Source data:
BEGIN

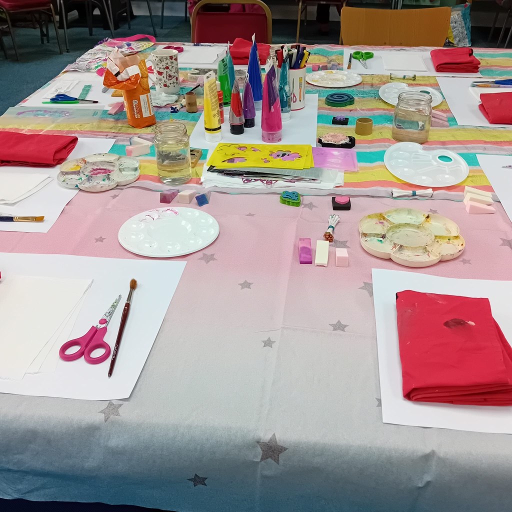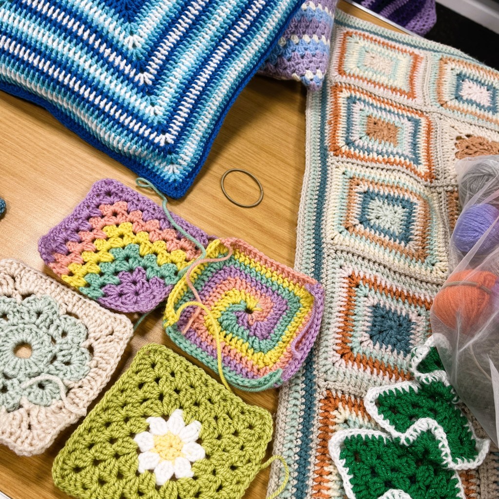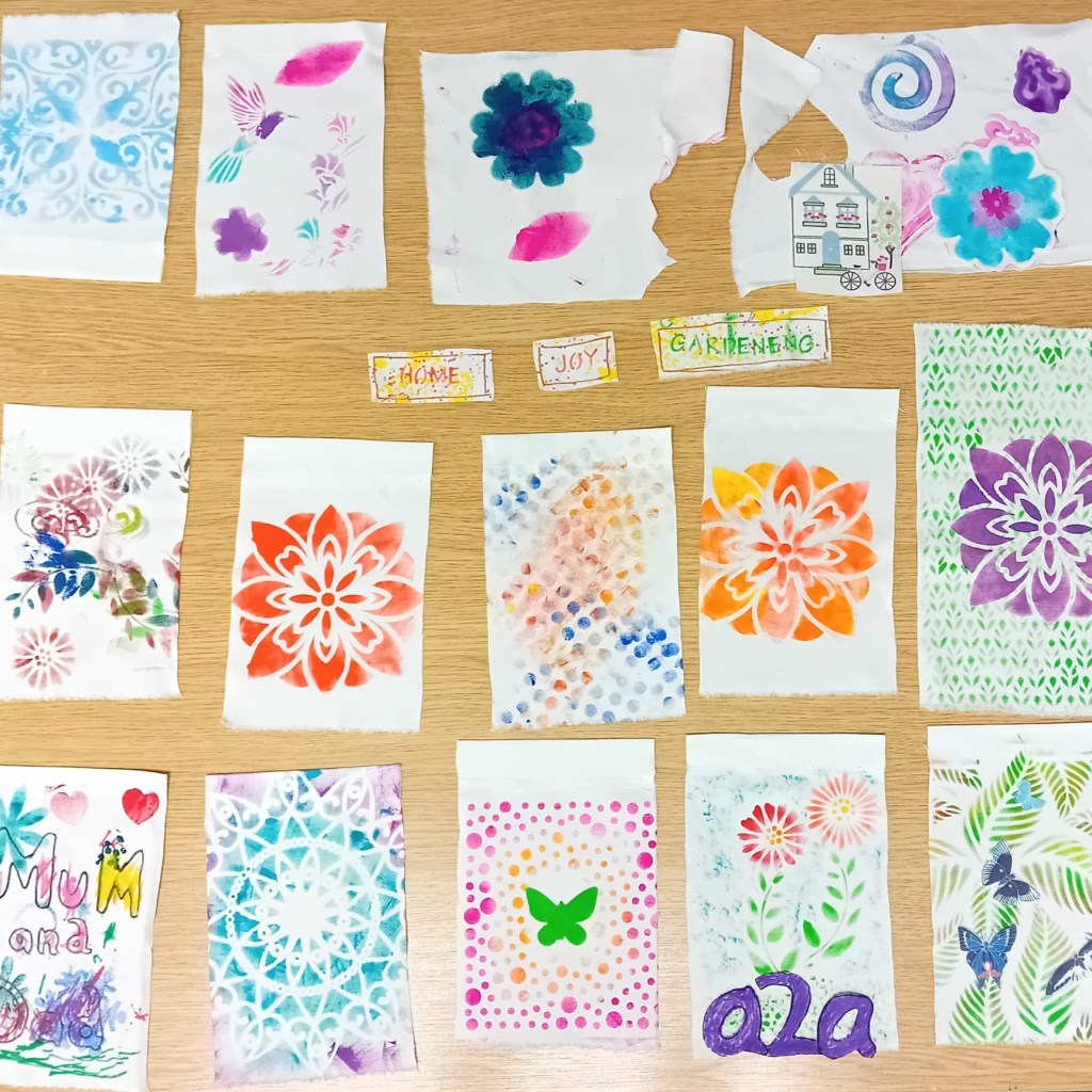 Textile Artist and Crafter, Steph Baker, joined the Welcome Hub group, working with some Ukrainian families who are supported by Yeovil4Family, They have learned to crochet granny squares, had a go at Indian block printing, and made felt.
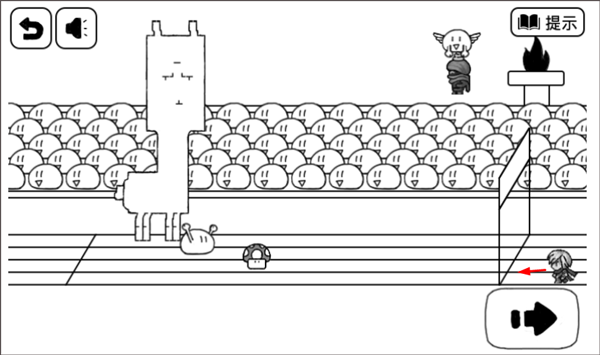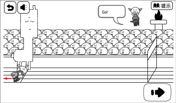 2、转向后不停的点按前进按钮,即可快速到达终点,成功过关。
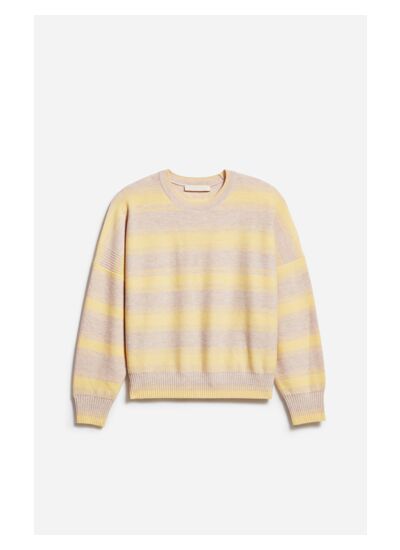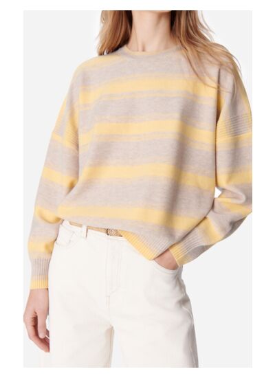 Confectionné en laine mérinos, ce pull à rayures jaune pastel et écrues est à la fois doux et lumineux. Sa coupe boxy légèrement ample assure un tombé impeccable, parfait pour des associations avec des pantalons, des jeans ou des jupes. Sa silhouette moderne et intemporelle en fait un indispensable de la saison.
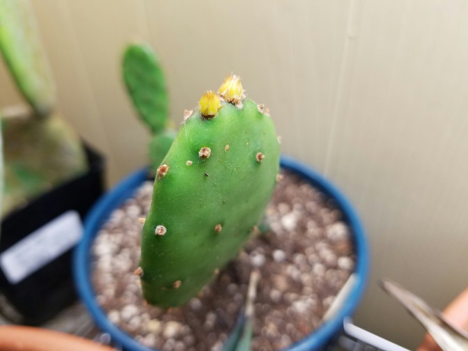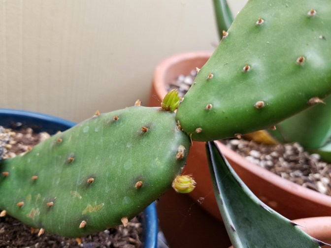 I have another opuntia next to this one. Another spineless variety, it is a small Opuntia ellisiana. I haven’t noticed anything happening with it, new growth or otherwise.
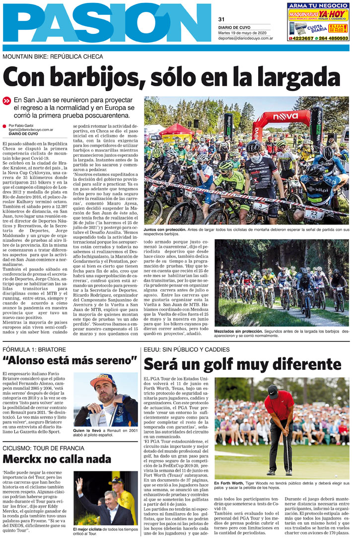Diario de Cuyo | HOME | Noticias Tapa Pasión 19 de Mayo del 2020 Por Redacción Diario de Cuyo 18/05/2020 · 0:00 Escuchar la noticia Escuchar la noticia Your browser doesn’t support HTML5 audio Ver los comentarios ›
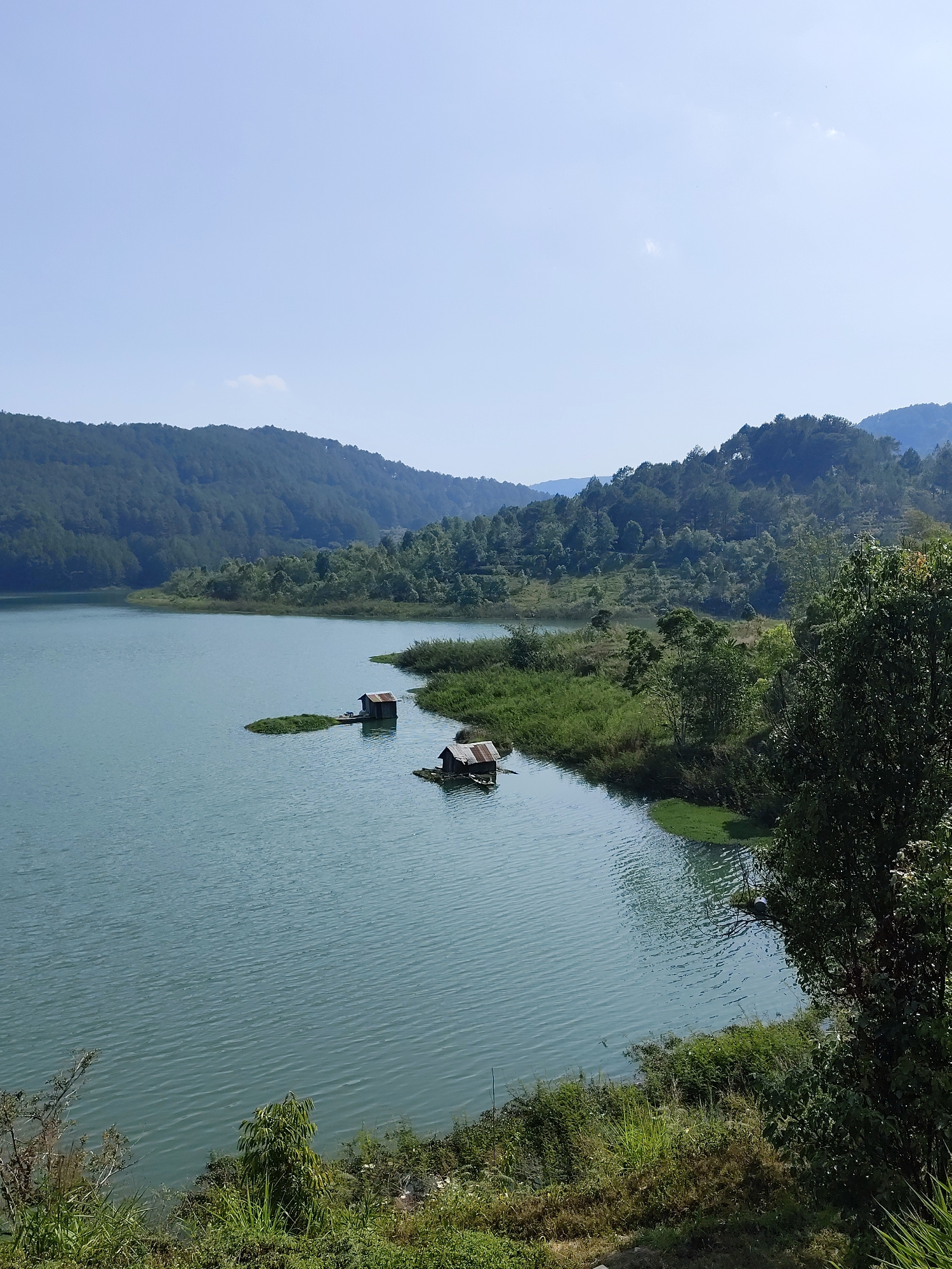 The image shows a wide, placid lake surrounded by lush green hills and trees. Two small, dilapidated wooden structures, possibly huts or fishing platforms, are floating on the lake's surface. The wate…read more

END

_What you will do_
Pictures aside, repeat each entry in full and without change.

_Result below_
 Textile Artist and Crafter, Steph Baker, joined the Welcome Hub group, working with some Ukrainian families who are supported by Yeovil4Family, They have learned to crochet granny squares, had a go at Indian block printing, and made felt.
 2、转向后不停的点按前进按钮,即可快速到达终点,成功过关。
 Confectionné en laine mérinos, ce pull à rayures jaune pastel et écrues est à la fois doux et lumineux. Sa coupe boxy légèrement ample assure un tombé impeccable, parfait pour des associations avec des pantalons, des jeans ou des jupes. Sa silhouette moderne et intemporelle en fait un indispensable de la saison.
 I have another opuntia next to this one. Another spineless variety, it is a small Opuntia ellisiana. I haven’t noticed anything happening with it, new growth or otherwise.
Diario de Cuyo | HOME | Noticias Tapa Pasión 19 de Mayo del 2020 Por Redacción Diario de Cuyo 18/05/2020 · 0:00 Escuchar la noticia Escuchar la noticia Your browser doesn’t support HTML5 audio Ver los comentarios ›
 The image shows a wide, placid lake surrounded by lush green hills and trees. Two small, dilapidated wooden structures, possibly huts or fishing platforms, are floating on the lake's surface. The wate…read more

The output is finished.